Updated on 2024-12-04 GMT+08:00

Overview

Volcano is a Kubernetes-based batch processing platform that supports machine learning, deep learning, bioinformatics, genomics, and other big data applications. It provides general-purpose, high-performance computing capabilities, such as job scheduling, heterogeneous chip management, and job running management.

Volcano Scheduler

Volcano Scheduler is a pod scheduling component, which consists of a series of actions and plugins. Actions should be executed in every step. Plugins provide the action algorithm details in different scenarios. Volcano Scheduler features high scalability. You can specify actions and plugins as needed.

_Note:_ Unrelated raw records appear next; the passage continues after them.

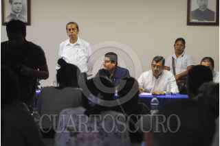 CHILAPA DE ÁLVAREZ, GUERRERO, 24MAYO2015.- El gobernador Rogelio Ortega Martínez, acompañado del presidente municipal Francisco Javier García González; el fiscal general del estado, Miguel Ángel Godínez Muñoz; el secretario general de gobierno, David Cienfuego Salgado, se reunieron con los familiares de los 16 desaparecidos en Chilapa, quienes dijeron al gobernador del estado que le dan 48 horas para localizarlos o ellos buscarán la manera de hacerlo. “A eso nos están obligando”, acusaron. FOTO: JOSÉ I. HERNÁNDEZ /CUARTOSCURO.COM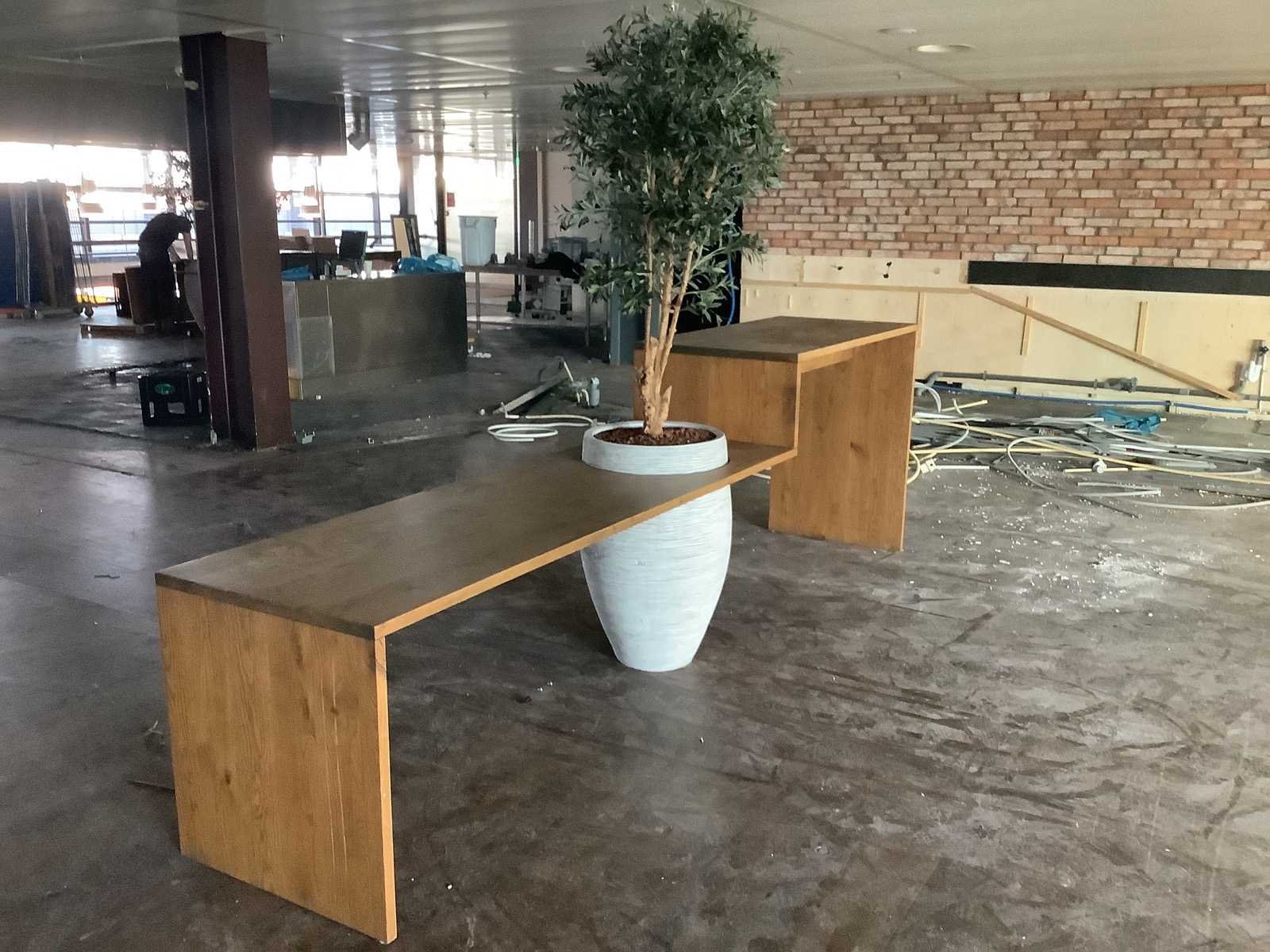 Let op; bloempot met plant niet inbegrepen. gat in de tafel is 52 cm rond. Tafel met verlaagt gedeelte van 290x70x76 cm. gedemonteerd zie foto's Hout: true Totale afmeting L: 430cm Totale afmeting Breedte: 70cm Totale afmeting Hoogte: 110cm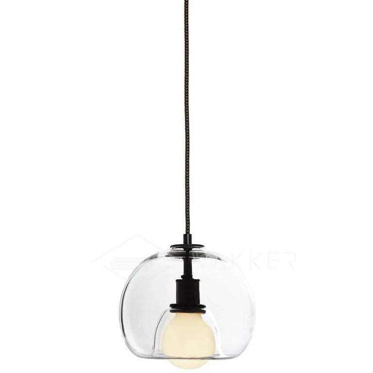 A handblown orb gracefully inverted to house a globe bulb, like a pearl encased in a glass oyster.Â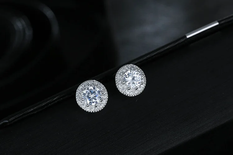 victoria’svogue 2021 925 Sterling Silver Round 3A Zircon Crystal Fashion Stud Earrings For Women Wedding Jewelry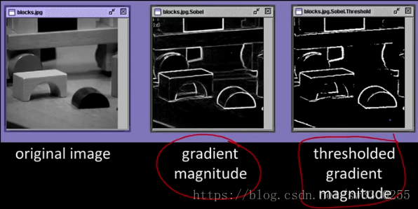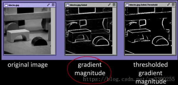 那么Sobel梯度就是由Sx和Sy的应用组成来得到这些值。

Figure 1 Volcano Scheduler workflow

The working process of Volcano Scheduler is as follows:

  1. Identify and cache the job submitted by the client.
  2. Start a periodical session. A scheduling cycle begins.
  3. Send jobs that are not scheduled the to-be-scheduled queue of the session.
  4. Traverse all jobs to be scheduled and perform actions such as enqueue, allocate, preempt, reclaim, and backfill in the configured sequence to find the most appropriate node for each job. Bind the job to the node. The specific algorithm logic executed in action depends on the implementation of each function in the registered plugin.
  5. Close the session.

Custom Volcano Resources

  • A pod group is a custom Volcano resource type. It is a group of pods with strong association and is mainly used in batch scheduling, for example, ps and worker tasks in TensorFlow.
  • A Queue contains a group of PodGroups. It is also the basis for the PodGroups to obtain cluster resources.
  • Volcano Job (vcjob for short) is a custom job resource type. Different from Kubernetes Jobs, vcjob supports specified scheduler, the minimum number of running pods, tasks, lifecycle management, specified queues, and priority-based scheduling. Volcano Job is more suitable for high-performance computing scenarios such as machine learning, big data, and scientific computing.